[Extracted data entries]

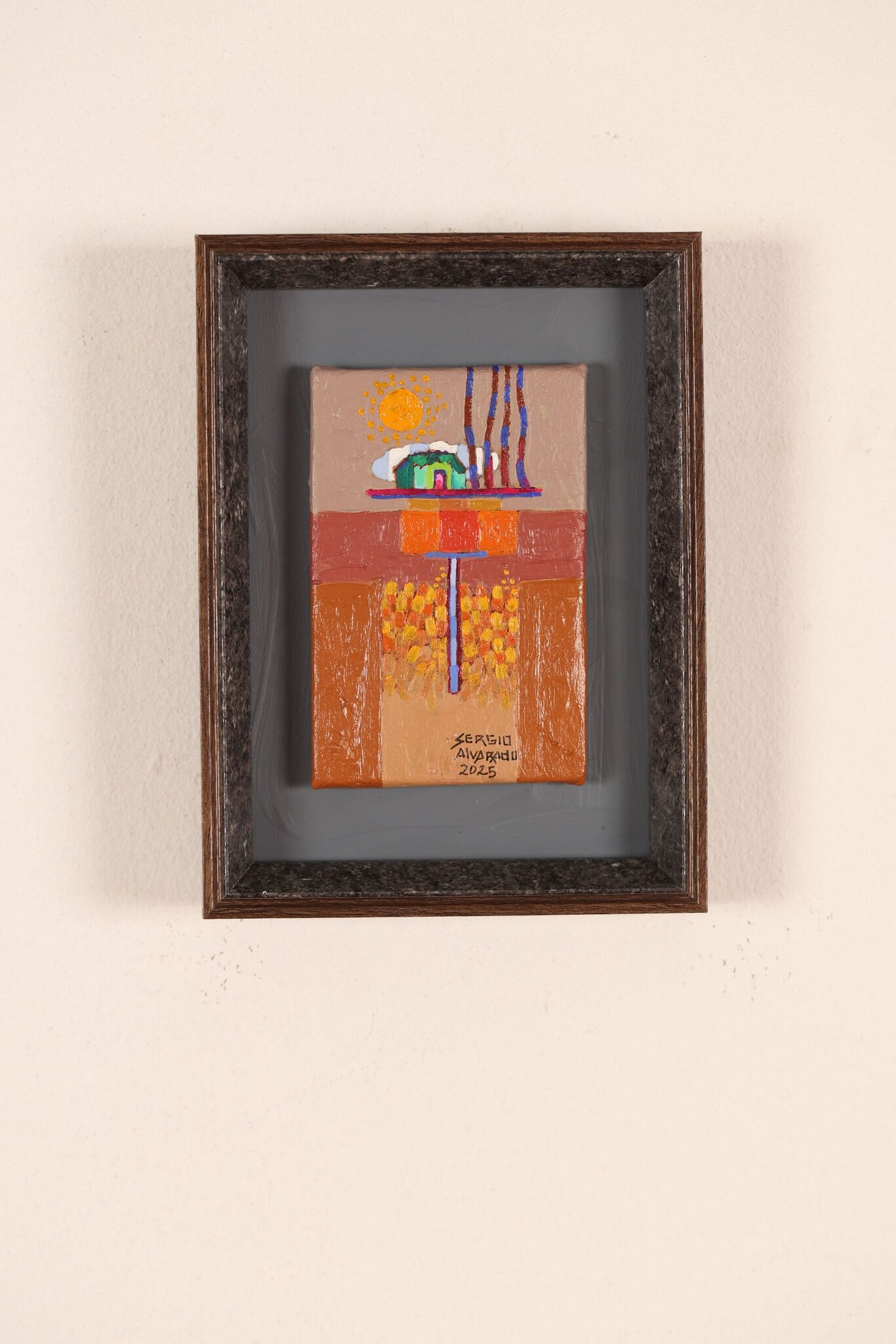 En esta colección empiezo a simplificar mi paisaje con áreas planas más grandes como los tejidos, con la espiritualidad del paisaje y a trabajar más de memoria a través de la guía de mi intuición, siempre resaltando los colores textiles, agregando líneas horizontales, verticales y curvas, simbolizando los bellos surcos, los puntos que representan el orden de la siembra del maíz con sus veredas y monjones , reflejando en mi paisaje el silencio y su misterio, donde las familias se encuentran en el interior de las casas y afuera se ve la huella del hombre a través de los surcos, es encontrar en las entrañas del paisaje rural a través de mi imaginación en cada obra está la espiritualidad… entre más profundo llegó, cada vez más abstracto.-
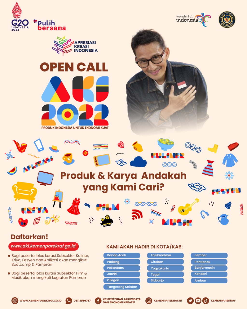 Anda pelaku ekonomi kreatif di bidang Kuliner, Kriya, Fesyen, Aplikasi, Film, dan Musik waktunya menjadi bagian dari AKI 2022, dengan mendaftar di :
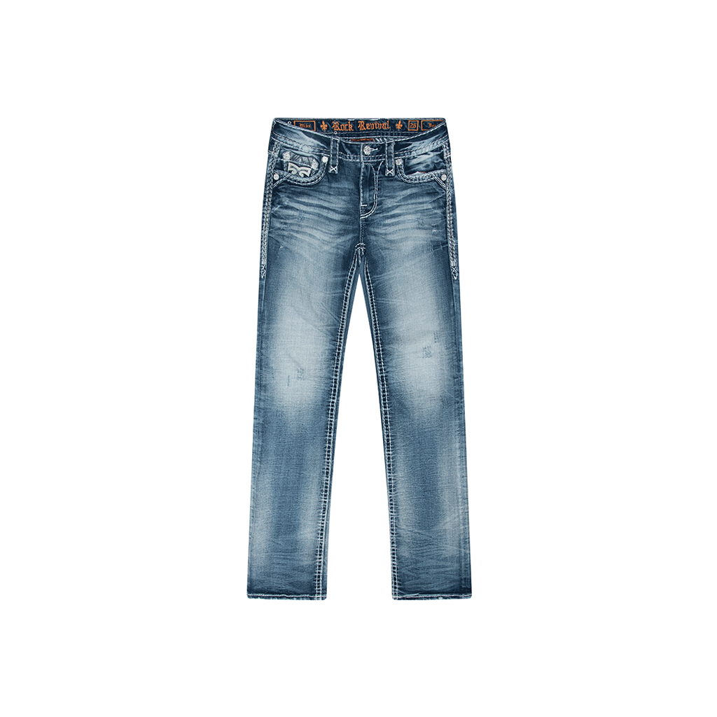 Rock Revival Jeans feature front zip and button closure, four pockets, and distress design.
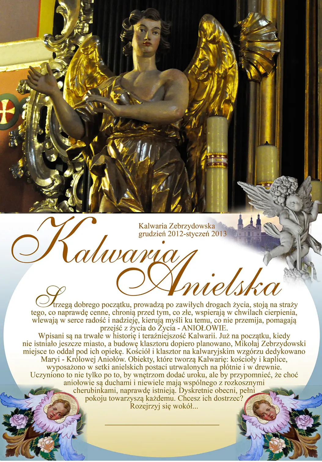 Publikacja jest efektem wystawy plenerowej zorganizowanej w 2012 roku na kalwaryjskim rynku. Jej motywem przewodnim były anioły obecne w przestrzeni miasta i okolic – zarówno te znane z sanktuarium, jak i z przydrożnych kapliczek, cmentarza czy innych miejsc regionu. Album stanowi wybór spośród kilkuset fotografii autorstwa Piotra Bieleckiego, uzupełnionych refleksyjnymi komentarzami o. Włodarczyka.
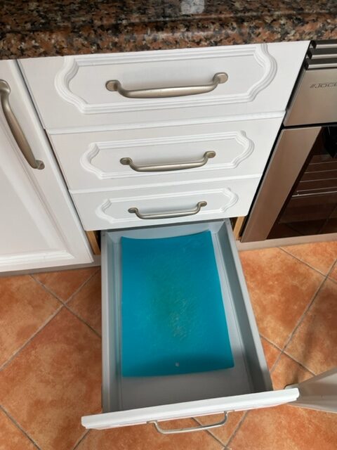 - The bottom drawer is nearly empty, a single plastic cutting board.

## Task statement
The lines to repeat start at the one holding "Rock Revival Jeans" and run through the last line of the records above; write them out exactly, both ends included, but not the pictures.

## Exercise solution
 Rock Revival Jeans feature front zip and button closure, four pockets, and distress design.
 Publikacja jest efektem wystawy plenerowej zorganizowanej w 2012 roku na kalwaryjskim rynku. Jej motywem przewodnim były anioły obecne w przestrzeni miasta i okolic – zarówno te znane z sanktuarium, jak i z przydrożnych kapliczek, cmentarza czy innych miejsc regionu. Album stanowi wybór spośród kilkuset fotografii autorstwa Piotra Bieleckiego, uzupełnionych refleksyjnymi komentarzami o. Włodarczyka.
 - The bottom drawer is nearly empty, a single plastic cutting board.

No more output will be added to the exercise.